Here is an another example:

In [6]:
agent.query(
    question="Among the schools with the SAT test takers of over 500, please list the schools that are magnet schools or offer a magnet program.",
    additional_knowledge="Magnet schools or offer a magnet program means that Magnet = 1"
)["table"]



Unnamed: 0,School
0,Millikan High
1,Polytechnic High
2,Troy High


An another example:

In [7]:
agent.query("list all the distinct CDSCode")['table']



Unnamed: 0,CDSCode
0,01100170109835
1,01100170112607
2,01100170118489
3,01100170123968
4,01100170124172
...,...
9981,58727516056832
9982,58727516056840
9983,58727516118806
9984,58727690123570


In [8]:
agent.query("what are the unique districts in schools and sorted")['table']



Unnamed: 0,District
0,ABC Unified
1,Acalanes Union High
2,Ackerman Charter
3,Acton-Agua Dulce Unified
4,Adelanto Elementary
...,...
1406,Yreka Union Elementary
1407,Yreka Union High
1408,Yuba City Unified
1409,Yuba County Office of Education


Sometimes, the model hallucinates, since it a very small model. And in those cases we get an error like this. However it will still return a dataframe such that the pipeline does not break in terms of response consistency. 

In [9]:
response = agent.query("what is the max high grade")
print(response)



2024-09-06 20:05:02,871 - [SIMPLE-AGENT] - INFO - => Going for final correction ...

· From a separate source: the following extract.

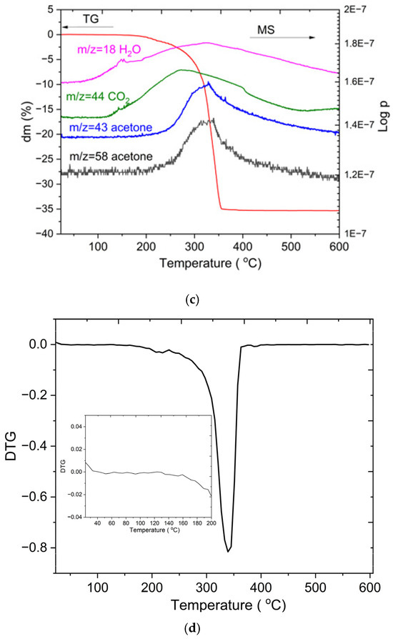 Figure 3b–d presents the thermogravimetric (TG/DTG), differential thermal analysis (DTA), and TG-mass spectrometry (MS) results of zinc acetate recorded in air at a heating rate of 10 °C/min. The TG and DTG data reveal two distinct features. The small mass change observed below ~100 °C, highlighted in the inset of the DTG curve, is attributed to the removal of adsorbed moisture or surface-bound species rather than structural dehydration of zinc acetate. The major thermal event occurs between 250 °C and 350 °C, corresponding to a significant mass loss of about 35%, which is assigned to the decomposition of zinc acetate and oxidation of organic fragments to ZnO. This process is accompanied by a strong exothermic peak in the DTA curve, consistent with the breakdown of acetate groups and formation of ZnO. Mass spectrometry of the evolved gases confirms the release of volatile organic species, including fragments attributable to acetone (m/z = 43, 58), as well as CO2 (m/z = 44) and H2O (m/z = 18). The strong correlation between the TG and MS data in this temperature range demonstrates the accuracy of the measurement and the rapid response (1 s) of the residual gas analyzer (RGA). The formation of acetone during the thermal decomposition of acetate ligands has been widely reported in the literature, further supporting our MS observations [37]. Above 350 °C, no additional mass loss or MS signals are detected, confirming the complete thermal conversion of zinc acetate to ZnO.

{'table':                                                error
0  Error: (sqlite3.OperationalError) no such colu..., 'error': 'Error: (sqlite3.OperationalError) no such column: High_Grade\n[SQL: SELECT max(High_Grade) FROM frpm;]\n(Background on this error at: https://sqlalche.me/e/20/e3q8)', 'sql': 'SELECT max(High_Grade) FROM frpm;'}


We are using a very small model above and sometimes it fails to generate correct response. So in those cases, we also have a `correct_with_gpt` method (which runs internally) that corrects any furthur SQL responses so that we can maximize the chances of getting error free SQLs. 

In order to use this, you need to have a [premai-io](https://premai.io) account. You can get started [here](https://docs.premai.io) to get start a new project and get a project_id and API key. 

The final auto-correct with gpt only triggers when you provide `premai_api_key` and `premai_project_id` parameters while instantiating the pipeline. Here how it looks like: 

In [10]:
premai_api_key="Fqxxxxx-xxxxxx-xxxxx-xxxx" # Replace this
premai_project_id=1234 # Replace this 

agent_with_corrector = SimpleText2SQLAgent(
    dsn_or_db_path=db,
    generator=Text2SQLGeneratorHF(
        model_or_name_or_path="premai-io/prem-1B-SQL",
        experiment_name="test_nli",
        device="cuda:0",
        type="test"
    ),
    premai_api_key=premai_api_key,
    premai_project_id=premai_project_id
)

2024-09-06 20:05:04,760 - [GENERATOR] - INFO - Experiment folder found in: experiments/test/test_nli
Unrecognized keys in `rope_scaling` for 'rope_type'='linear': {'type'}
Loading checkpoint shards: 100%|██████████| 2/2 [00:05<00:00,  2.91s/it]
2024-09-06 20:05:11,380 - [SIMPLE-AGENT] - INFO - Everything set
2024-09-06 20:05:11,380 - [SIMPLE-AGENT] - INFO - Using gpt-4o as the final corrector


And now asking the same question, we get the correct answer. You can also see a info being logged which tells it is using GPT for final correction.

In [11]:
agent_with_corrector.query("what is the max high grade")["table"]



2024-09-06 20:05:14,629 - [SIMPLE-AGENT] - INFO - => Going for final correction ...


Unnamed: 0,MAX(`High Grade`)
0,Post Secondary


## Future Plans

Currently local LLMs for text to SQL still do not have very good autonomous capabilities. So still there becomes a dependency of closed source models to some extent. However in upcoming versions we are going to replace that with fully local autonomous and reliable text to SQL pipelines.